== Extracted data entries ==
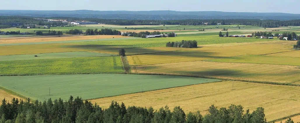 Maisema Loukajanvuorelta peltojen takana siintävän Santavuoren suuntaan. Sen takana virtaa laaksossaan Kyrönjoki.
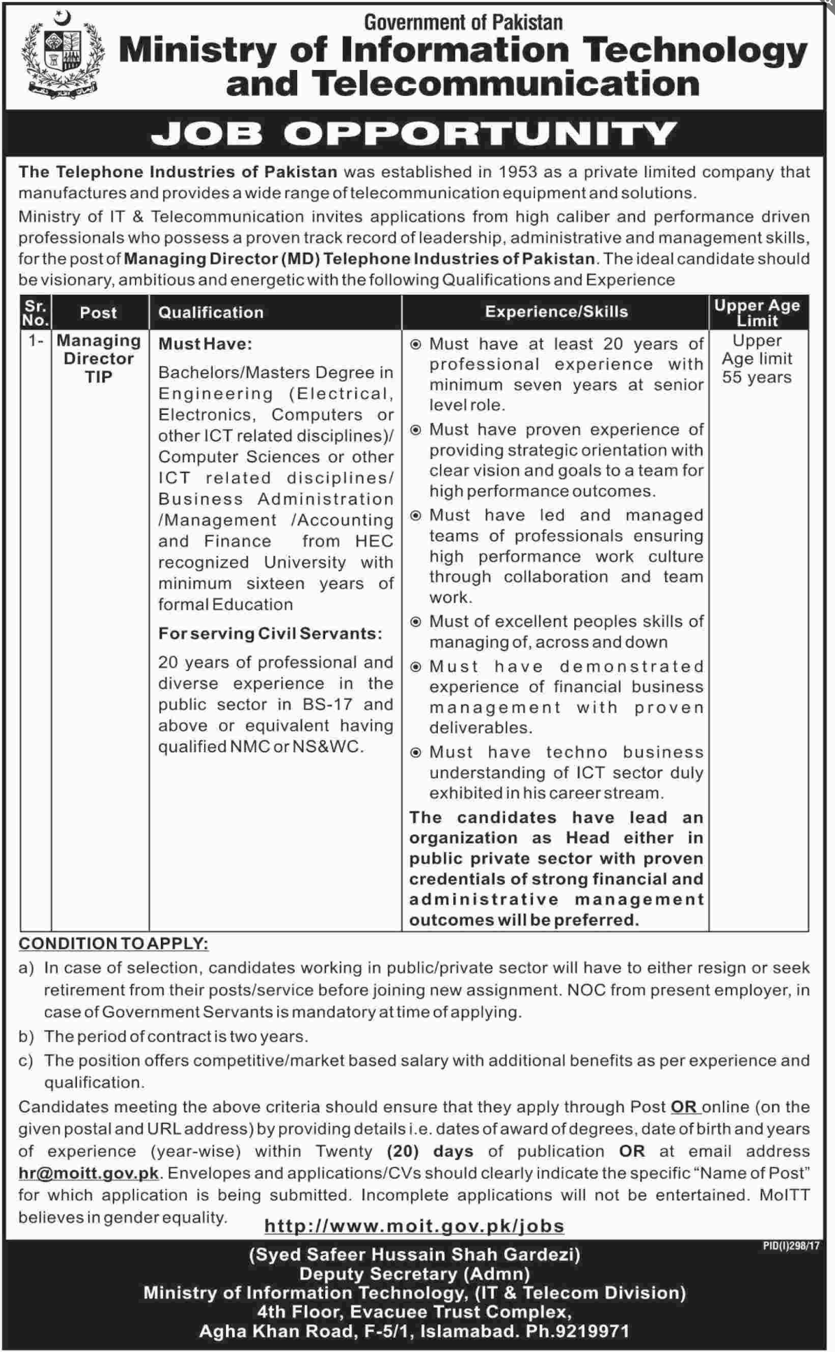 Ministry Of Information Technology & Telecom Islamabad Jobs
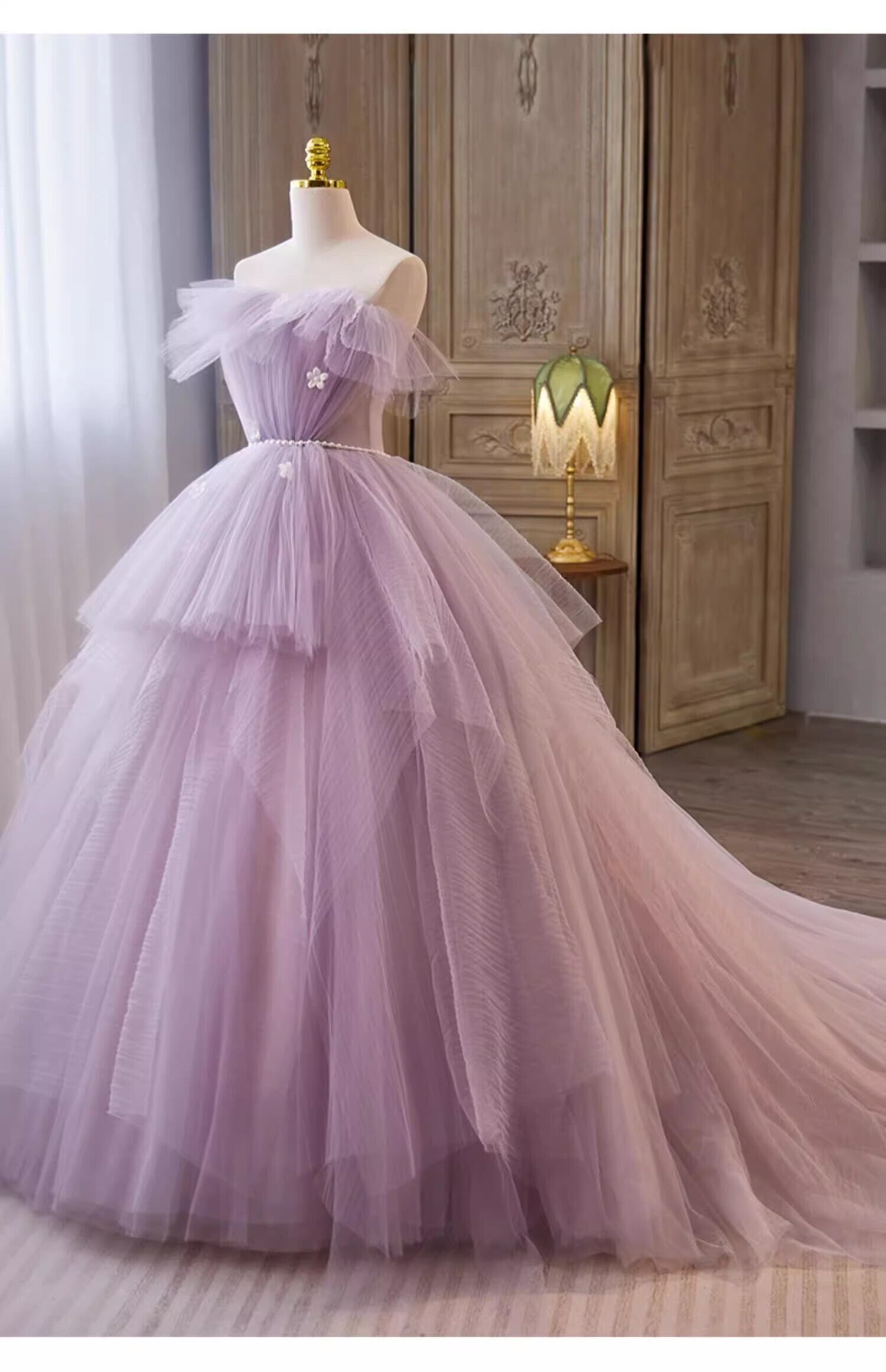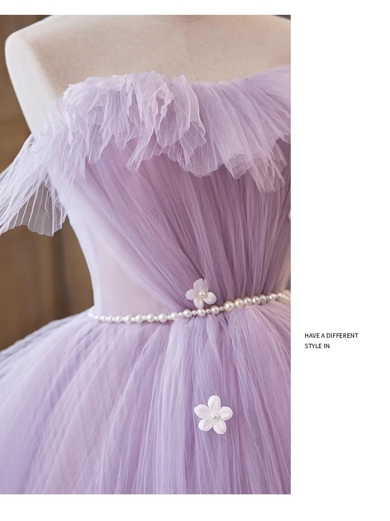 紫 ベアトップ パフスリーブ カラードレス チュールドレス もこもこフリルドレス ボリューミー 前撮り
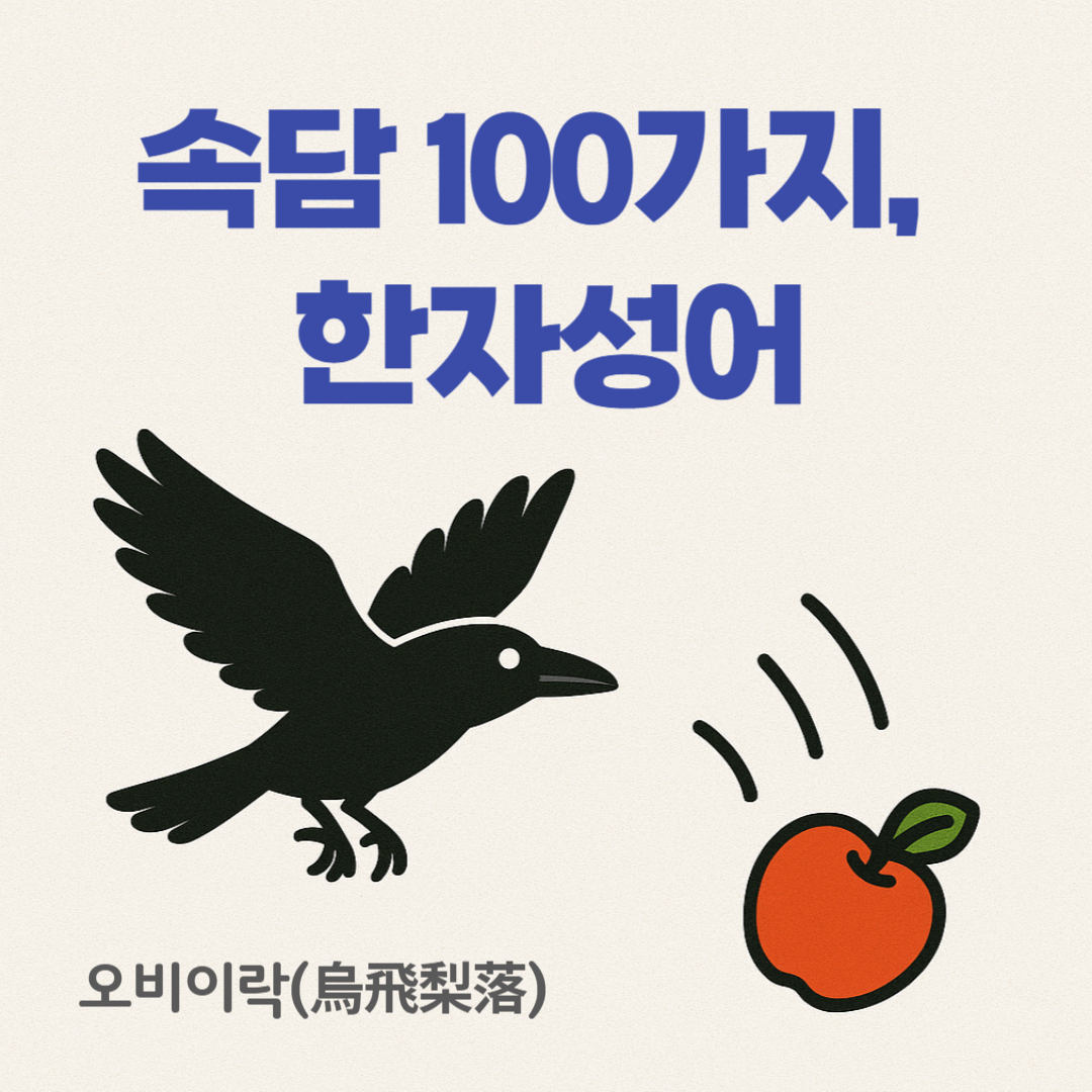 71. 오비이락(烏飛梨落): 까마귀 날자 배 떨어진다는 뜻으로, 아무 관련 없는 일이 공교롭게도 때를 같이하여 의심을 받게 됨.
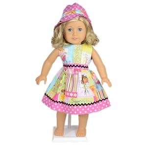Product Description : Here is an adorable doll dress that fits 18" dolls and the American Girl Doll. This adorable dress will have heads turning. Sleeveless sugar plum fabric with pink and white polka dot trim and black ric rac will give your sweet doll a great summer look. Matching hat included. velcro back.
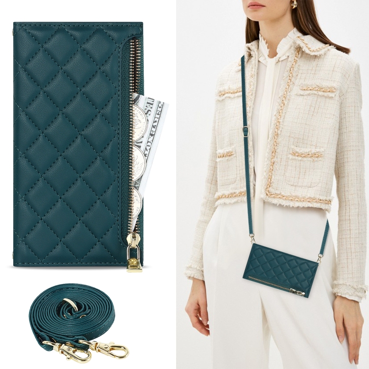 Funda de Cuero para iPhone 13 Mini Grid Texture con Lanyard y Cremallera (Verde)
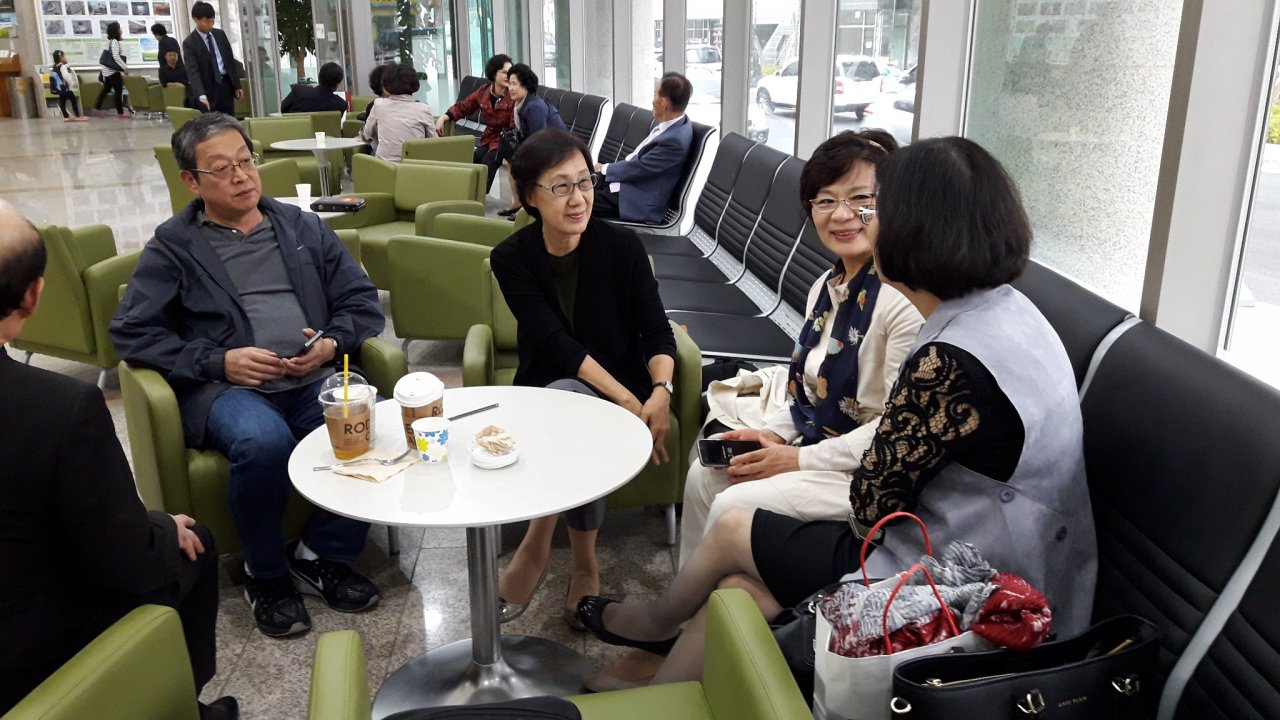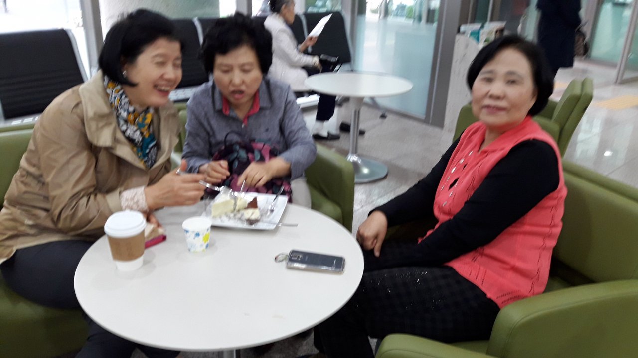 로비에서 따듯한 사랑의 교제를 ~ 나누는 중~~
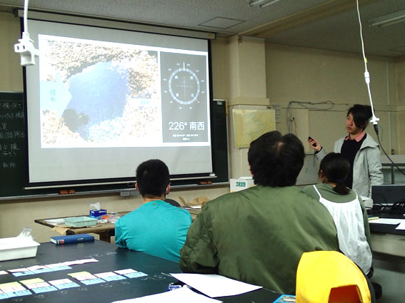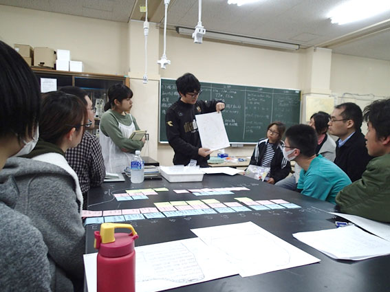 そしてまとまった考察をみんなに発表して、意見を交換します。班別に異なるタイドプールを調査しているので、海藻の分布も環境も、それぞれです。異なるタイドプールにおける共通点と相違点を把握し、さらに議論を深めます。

== Assignment ==
Every line from the one containing "Product Description : Here" to the final line of the records must be transcribed exactly, both ends included, with the pictures left out.

== Answer below ==
Product Description : Here is an adorable doll dress that fits 18" dolls and the American Girl Doll. This adorable dress will have heads turning. Sleeveless sugar plum fabric with pink and white polka dot trim and black ric rac will give your sweet doll a great summer look. Matching hat included. velcro back.
 Funda de Cuero para iPhone 13 Mini Grid Texture con Lanyard y Cremallera (Verde)
 로비에서 따듯한 사랑의 교제를 ~ 나누는 중~~
 そしてまとまった考察をみんなに発表して、意見を交換します。班別に異なるタイドプールを調査しているので、海藻の分布も環境も、それぞれです。異なるタイドプールにおける共通点と相違点を把握し、さらに議論を深めます。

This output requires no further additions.